Now clearly W is empty, and U, V are in bijective correspondence (via complementation) and so have the same cardinality, that of the set
X = { B subset of R | B is countable}
of countable subsets of R. Now it's easy to show |X| = |R| since
|R|
24 Jul 06
8 edits
Sorry I typed this into notepad and it seems to have got truncated. Moreover I can't seem to complete the original details here...
Well anyhow you show the set of countable subsets of R has the same cardinality as R itself, and then it follows easily that |T(R)|=|2^R| or 2^aleph_1 if you like.
25 Jul 06
1 edit
Originally posted by SPMarsI'm not sure that you are correct in saying |X| = |R|
Sorry I typed this into notepad and it seems to have got truncated. Moreover I can't seem to complete the original details here...
Well anyhow you show the set of countable subsets of R has the same cardinality as R itself, and then it follows easily that |T(R)|=|2^R| or 2^aleph_1 if you like.
There is a better way to answer the question, although i get your idea.
the problem is that in our discrete math class we weren't allowed to use the idea that if
|A| + |B| = 2^aleph
|A| < 2^aleph
then |B| = 2^aleph
this is because we don't know whether there exists a set with cardinality x s.t. aleph < x < 2^aleph.
HINT: the easiest way to prove that a set A has cardinality x is to show
that.
x =< |A| =< x
i.e. find a set B subset of A s.t. |B| = x and
set C s.t. |C| = x and A is a subset of C.
25 Jul 06
7 edits
Originally posted by aginisWhat do you mean by aleph?
hmmmmm, there is a better way although i get your idea.
the problem is that in our discrete math class we weren't allowed to use the idea that if
|A| + |B| = 2^aleph
|A| < 2^aleph
then |B| = 2^aleph
this is because we don't know whether there exists a set with cardinality x s.t. aleph < x < 2^aleph.
HINT: the easiest way to prove that a set A has ...[text shortened]...
i.e. find a set B subset of A s.t. |B| = x and
set C s.t. |C| = x and A is a subset of C.
aleph_1 := 2^aleph_0 := |P(N)|
I assume?
To be honest I don't see the problem with what I've done:
We have a disjoint union P(R) = T(R) U Y where Y is a subset of P(R) that has cardinality |R|. The only possibility is that |T(R)| = |P(R)|, or am I missing something?

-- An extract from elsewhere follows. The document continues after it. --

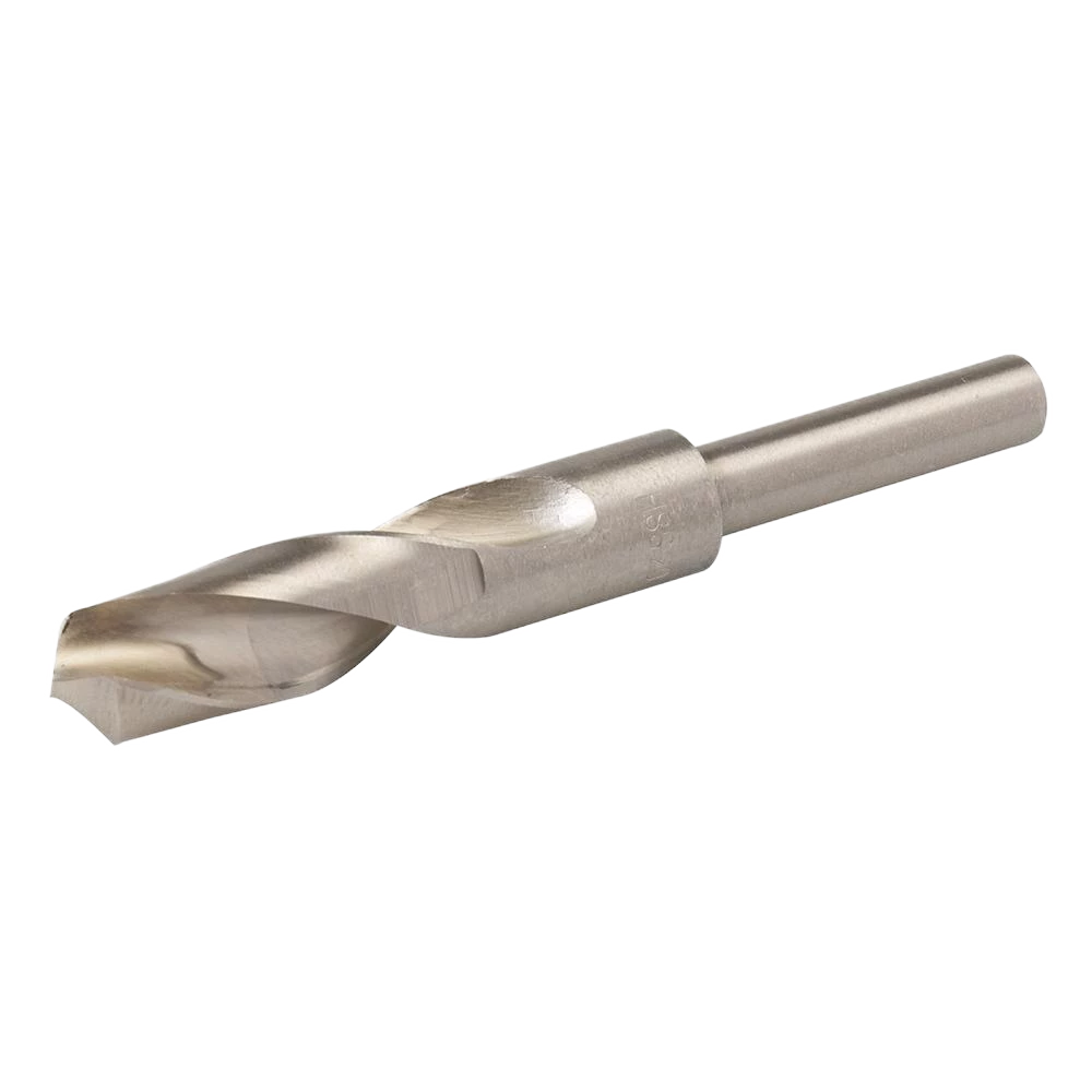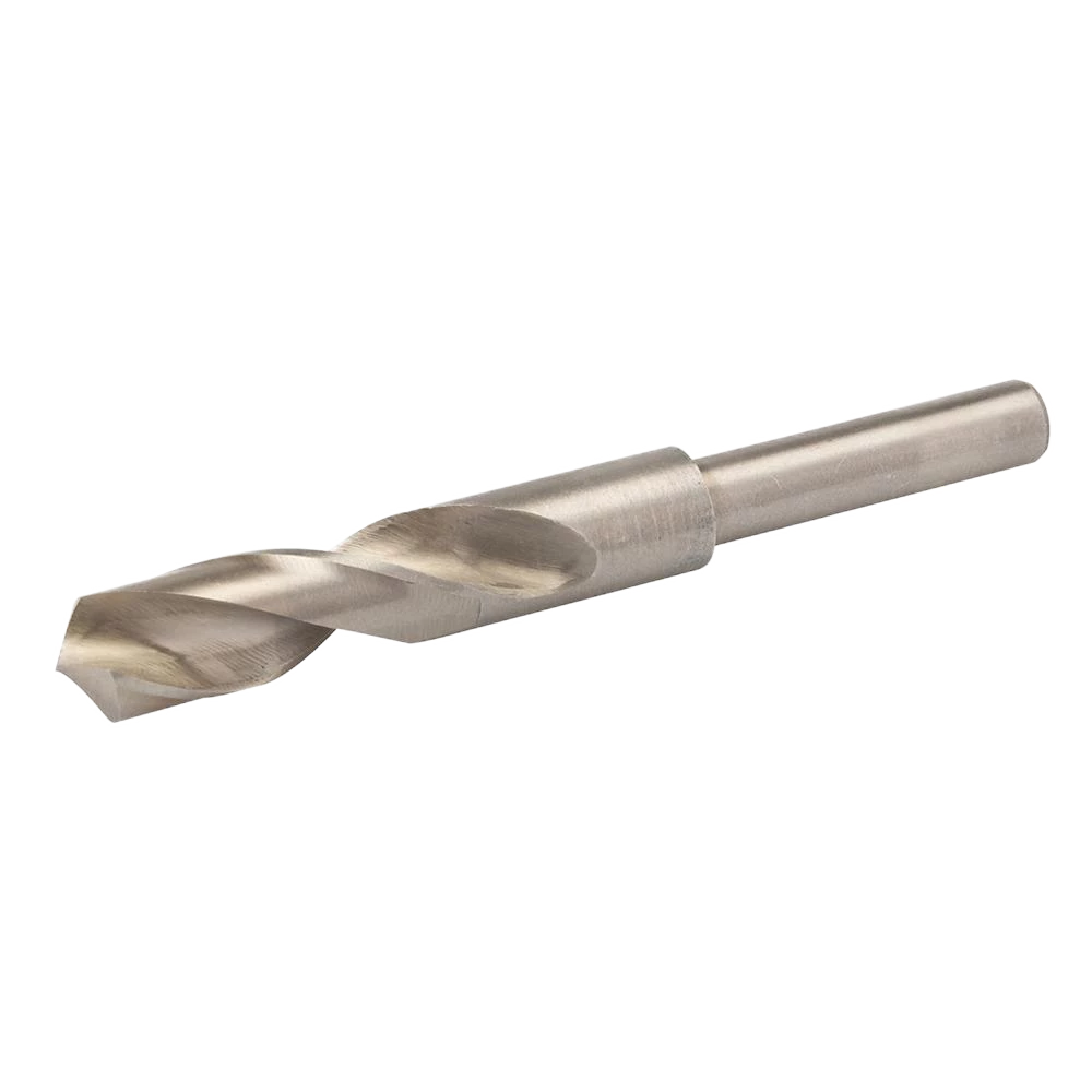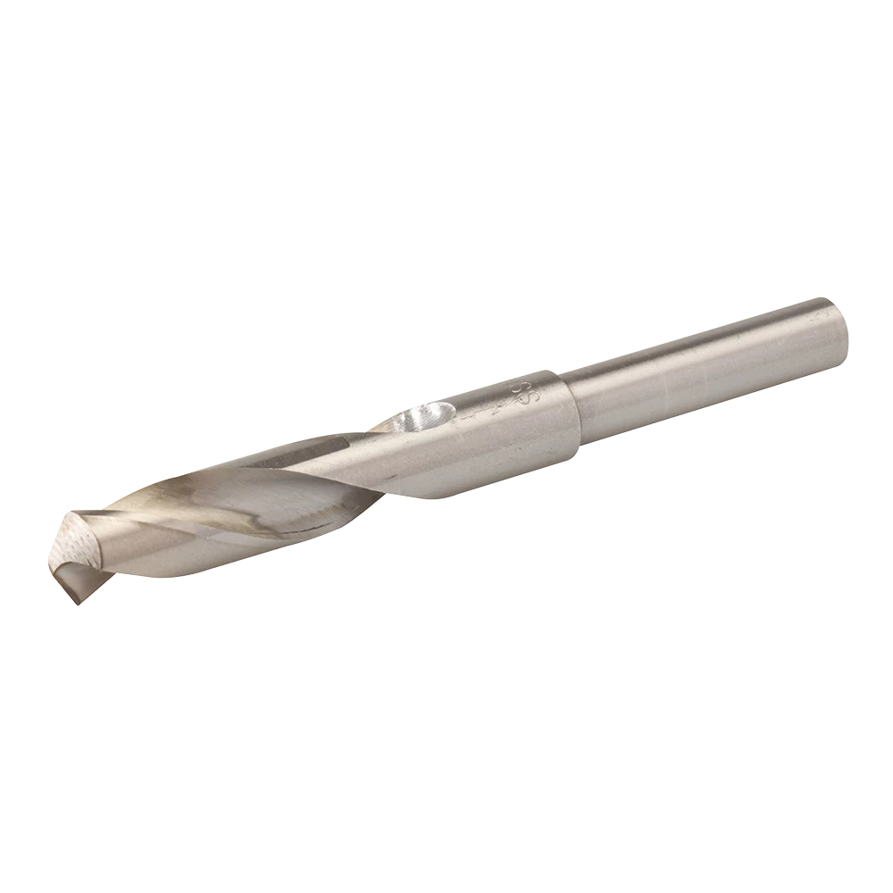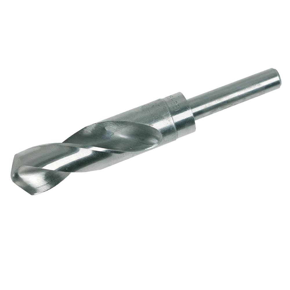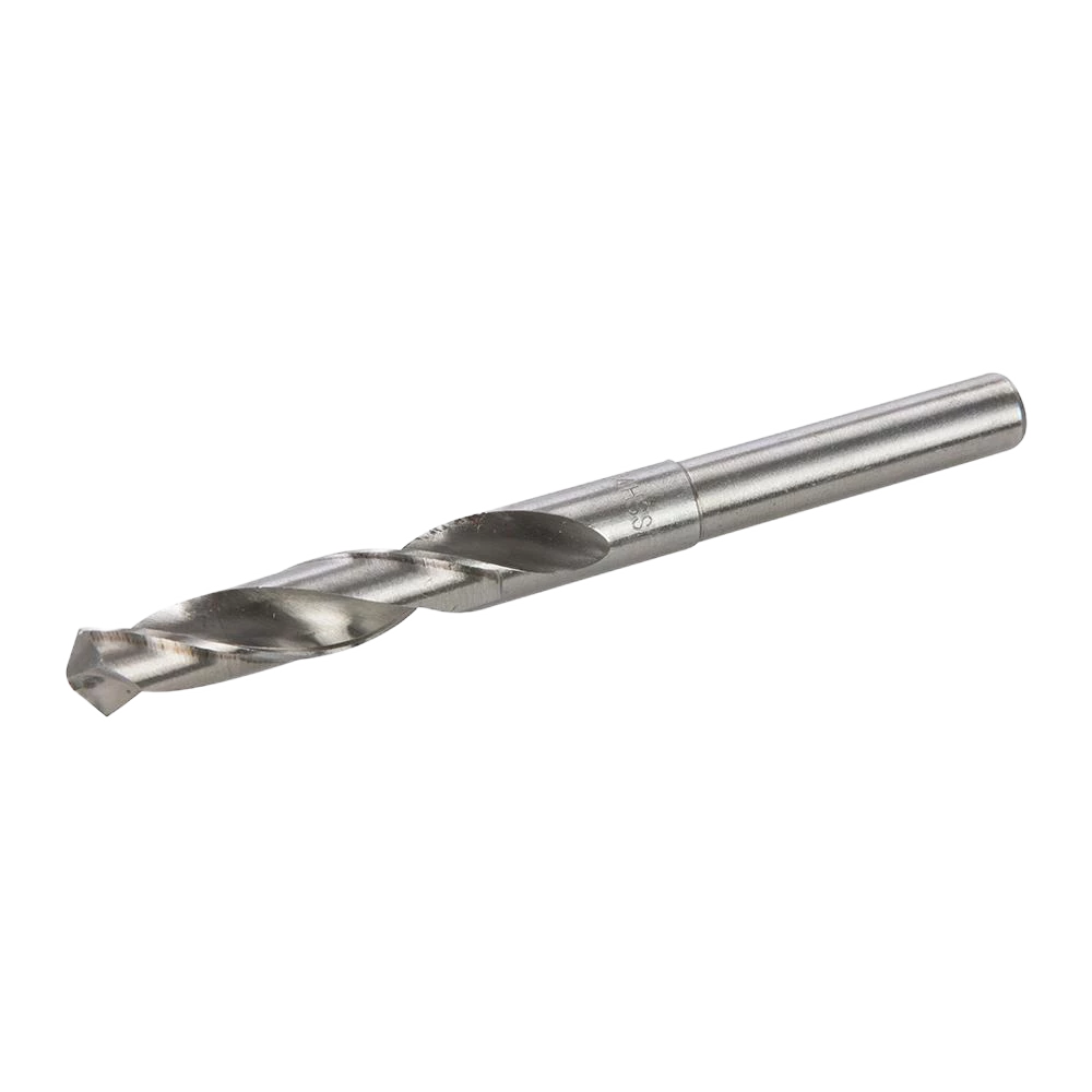 High carbon steel twist drill with high speed steel tip and polished, dry rust resistant coating. Large diameter bits with reduced 12.5mm diameter shank enables use with standard chucks. Use on aluminium, steel, plastic, wood and non-ferrous metals.

Even if there was a set x with
| R | < |x| < |P(R)|
then we can't have |T(R)|=|x| since then |P(R)|=|T(R) U Y| < |P(R)| which is a contradiction.
25 Jul 06
Originally posted by SPMarsyes it could be that |T(R)| = x and x + aleph = 2^aleph
What do you mean by aleph?
aleph_1 := 2^aleph_0 := |P(N)|
I assume?
To be honest I don't see the problem with what I've done:
We have P(R) = T(R) U Y where Y is a subset of P(R) that has cardinality |R|. The only possibility is that |T(R)| = |P(R)|, or am I missing something? Even if there was a set x with | R | < x
plus as i just edited the above post its not clear that |X|=aleph
(yes aleph is what you call aleph_1)
26 Jul 06
6 edits
Originally posted by aginisR is the set of real numbers.
I'm not sure that you are correct in saying |X| = |R|
N is the set of natural numbers.
X is the set of countable subsets of R (including the finite ones).
If C and D are sets let C^D denote the set of functions from D to C.
If C and D are sets then C < D means "there is an injection from C to D" and C=D means "there is a bijection from C to D".
We have
R < X < R^N = (2^N)^N = 2^(NxN) = 2^N = R.
The first injection is got from mapping the singleton sets into X and the second injection is got from mapping a countable subset to a function that lists its elements in increasing order (in the finite case we repeat the maximum element infinitely often).
Since we have R < X and X < R it follows from the Schroeder-Bernstein Theorem that X = R.